Factor out a common term

Question

I have this fraction, and I'm trying to simplify it. It's obvious that we have (x+1) as a common term.

$\frac{(x+1)^2-(x+2)[2(x+1)]}{(x+1)^4}$

In the next step it should look like: $\frac{(x+1)[x+1-2x-4]}{(x+1)^4}$

The thing which confuses me is that in the non simplified fraction (x+1) occurs three times, and when factored out it occurs only twice. How exactly do I get to the simplified fraction posted above?
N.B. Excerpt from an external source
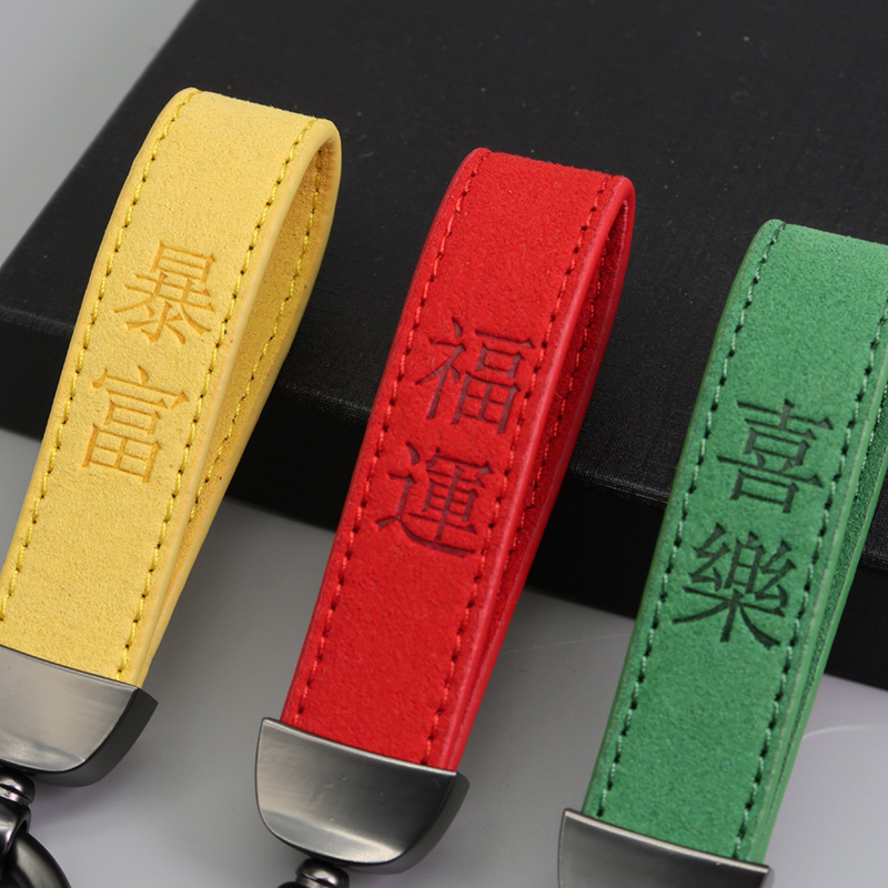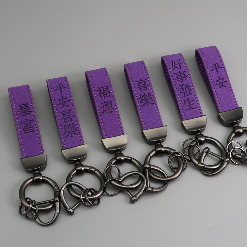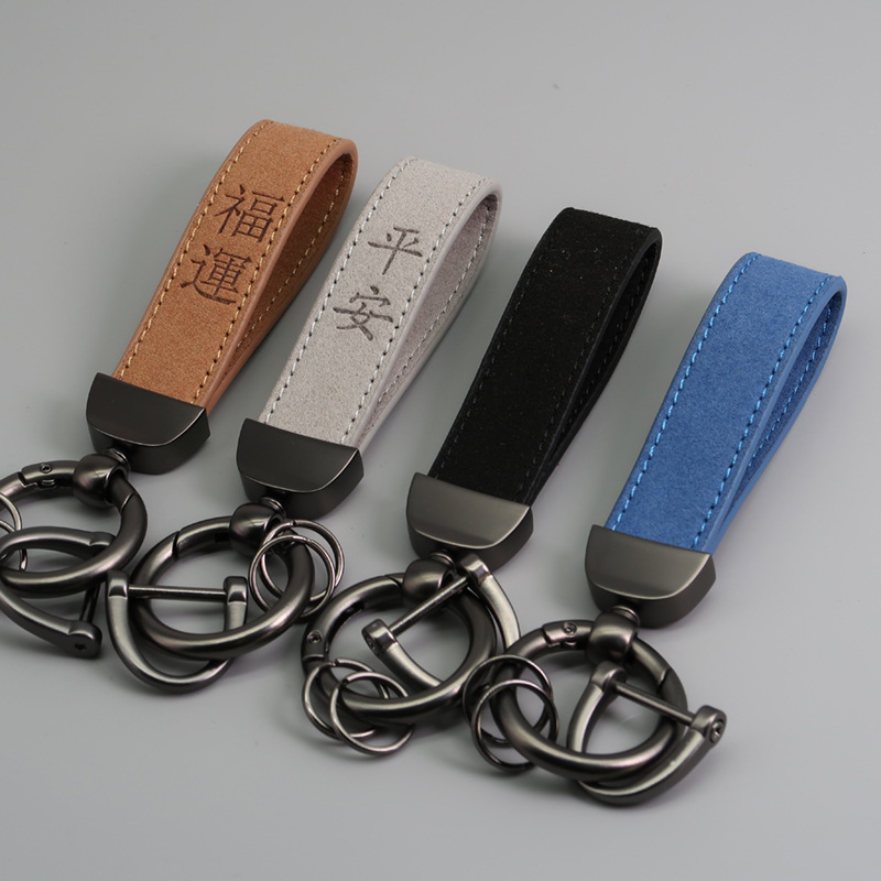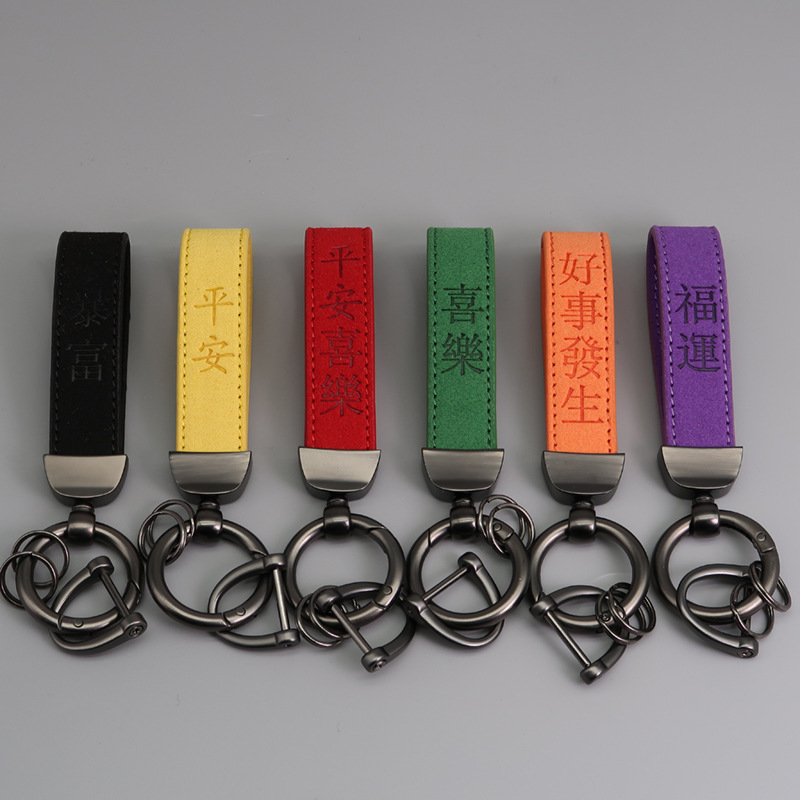 국경 간 뜨거운 판매 마이크로 화이버 스웨이드 키 체인 레이저 양각 로고 가죽 자동차 키 체인 회사 선물

I've tried writing it like:

$\frac{(x+1)(x+1)-(x+2)[2(x+1)]}{(x+1)^4}$

But I still don't understand how do we lose one (x+1) in the next step

Answer 1

Your numerator simplifies to $$(x+1)(-x-3)$$ and for $x\ne -1$ we get $$\frac{-x-3}{(x+1)^3}$$ or $$-\frac{x+3}{(x+1)^3}$$

Answer 2

Note that by the commutative property of multiplication, we have $$\color{red}{(x+1)}(x+1)-(x+2)[2\color{red}{(x+1)}]=\color{red}{(x+1)}(x+1)+\color{red}{(x+1)}\cdot (-2(x+2))$$ By the distributive property, we have that $$\color{red}{(x+1)}(x+1)+\color{red}{(x+1)}\cdot (-2(x+2))=\color{red}{(x+1)}\cdot((x+1)-2(x+2))$$ which we can simplify to $$\color{red}{(x+1)}\cdot((x+1)-2(x+2))=\color{red}{(x+1)}\cdot((x+1)-2x-4)=\color{red}{(x+1)}\cdot(-x-3)$$ So we end up with $$\frac{\color{red}{(x+1)}[x+1-2x-4]}{(x+1)^4}=\frac{\color{red}{(x+1)}\cdot(-x-3)}{\color{red}{(x+1)}(x+1)^3}=-\frac{x+3}{(x+1)^3}$$